## Source information
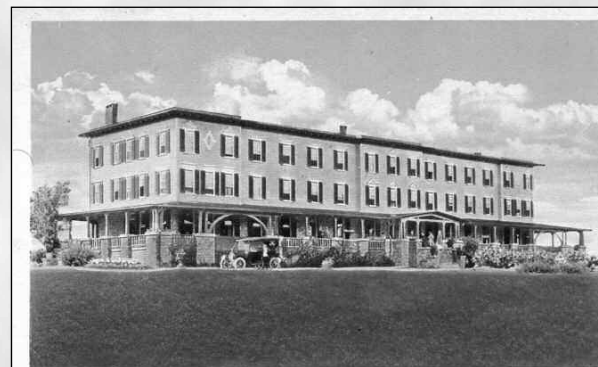
HOTEL BRADDOCK, BRADDOCK HEIGHTS, MD.
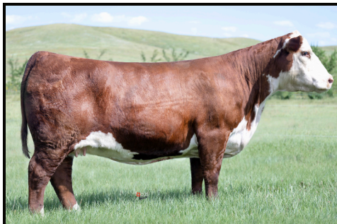
JDH AH MERCEDES 11E ET DAM OF LOTS 5-8

Top 7% for REA, CW & BMI Top 11% for CHB & BI Top 25% for YW, SCF & UDDR
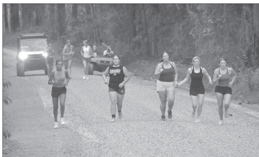
Raiders, with coaches in four-wheeled vehicles bringing up the rear, push down the home stretch of the "Scooter Rue" at twilight Tuesday evening

In past years they've run it carrying weights, divided into teams or as a large group. At least a few times, it's been divided into sections with some surprises waiting
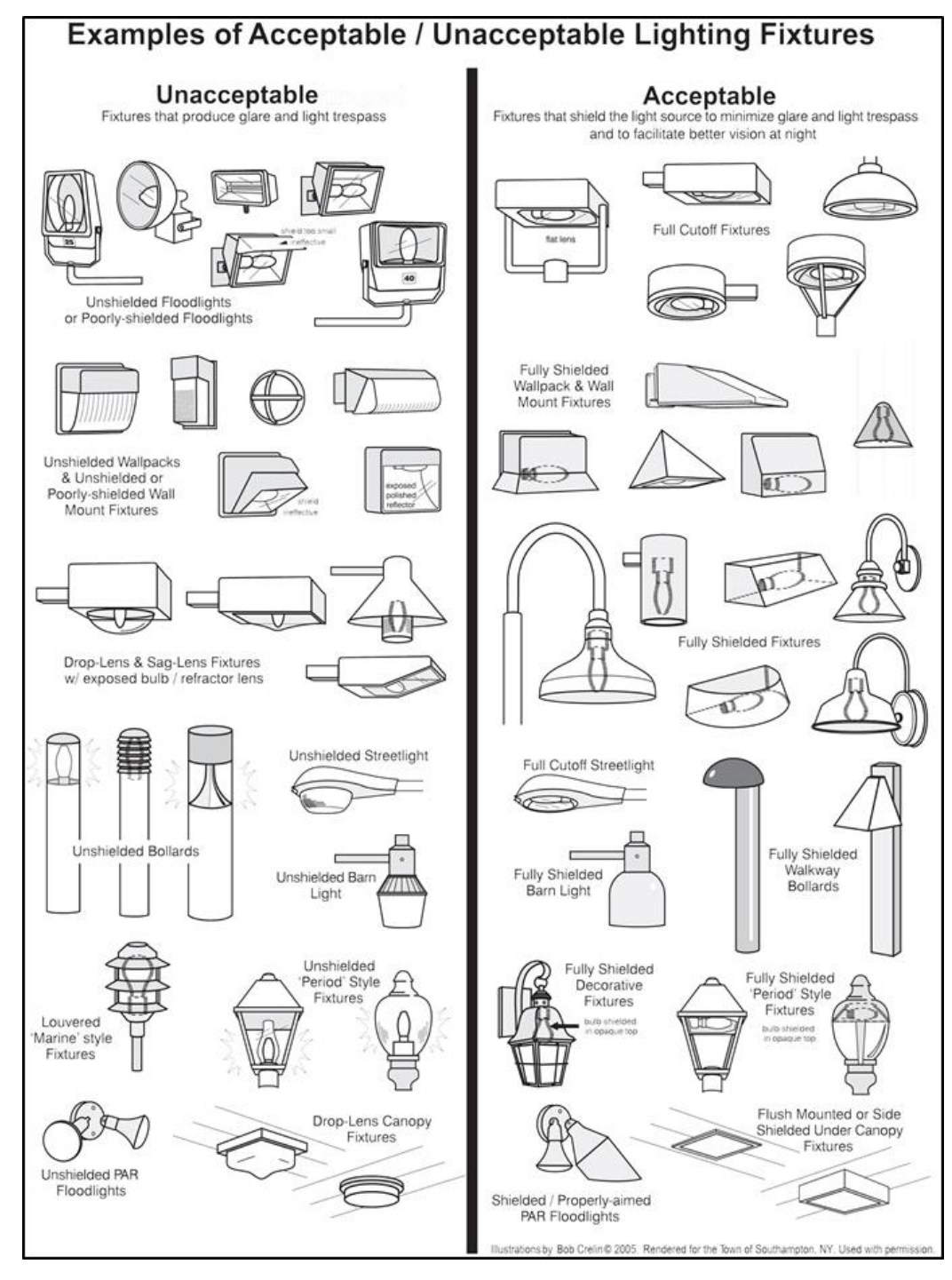
Figure 3 Examples of acceptable and unacceptable lighting fixtures or "luminaires." The intent of this figure is to demonstrate that "acceptable" lighting eliminates or reduces glare by hiding the light emitting portion of the bulb or lamp, not that the general style of fixture is prohibited.

## Aim of the exercise
Look over the material above and show each line where "with" appears.

## Answer to this task
Raiders, with coaches in four-wheeled vehicles bringing up the rear, push down the home stretch of the "Scooter Rue" at twilight Tuesday evening
In past years they've run it carrying weights, divided into teams or as a large group. At least a few times, it's been divided into sections with some surprises waiting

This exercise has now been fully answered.